Is it? Because as a teenager 25/26 years ago my whole class had mobile phones and we'd text each other from across a room and play snake while chatting on our Nokia's. Prior to that we all had tamagotchis we took very seriously and would be studiously caring for for entire break times.
People like to paint the past in rosy colours, what I suspect most teachers who are complaining don't like is that previous generations we were taught blind compliance and obedience. That's no longer what kids are being taught. The majority of people complaining about children's behaviour and the rise of acknowledgement of developmental differences aren't complaining because they're worried the kids are being done a disservice, they're complaining because kids being treated like human beings inconveniences them.
My parents would chain smoke with 5 of us stacked in the back seat and no back seatbelts anywhere on the 80s.
We'd never drink water (we being all my friends too) and instead of was squash or fizzy juice.
We'd be turfed out of the house at 7am in the holidays and only allowed back in at mealtimes (and actually my mum wasn't fully like that despite having 5 of us so the whole street would congregate in our house)
People say the world was safer but as someone who ran in large multi age 'play groups' of children I can tell you it wasn't some idyllic time, there was a lovely freedom, yes, but there was also a co.plete vulnerability of the youngest kids placed in care of older kids who had a similar loose parenting.

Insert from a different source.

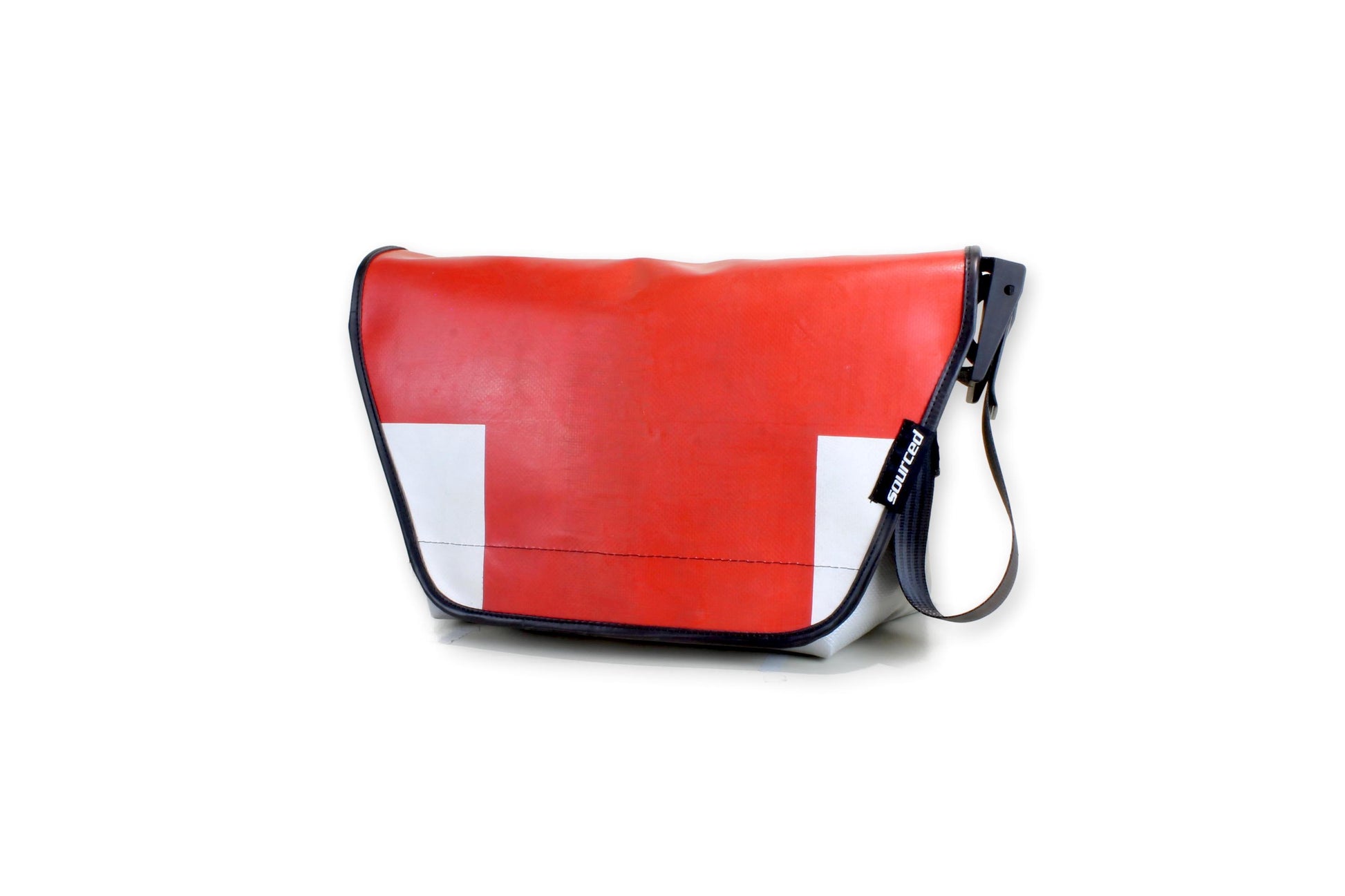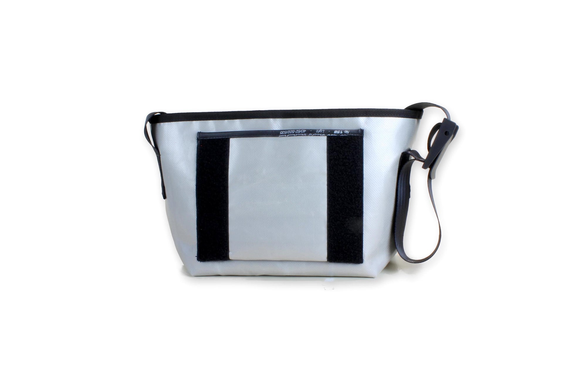 Wie alle unsere LKW-Planenprodukte ist jede Tasche ein Unikat und kann Gebrauchsspuren aufweisen. Alle unsere Taschen werden in unserer Werkstatt in Cornwall von Hand geschnitten und genäht.

Everyone bleats for the past but I'd love to go back and offer us as kids the kind of understanding and support my kids get these days. Also availability of I formation and learning tools. It was also more acceptable back then to just let kids fail and fall through the cracks, I wonder if the boys I went to primary with who were bad and from bad families could have not ended up in borstal in their teens if they'd had more support and less just being expelled and left to it.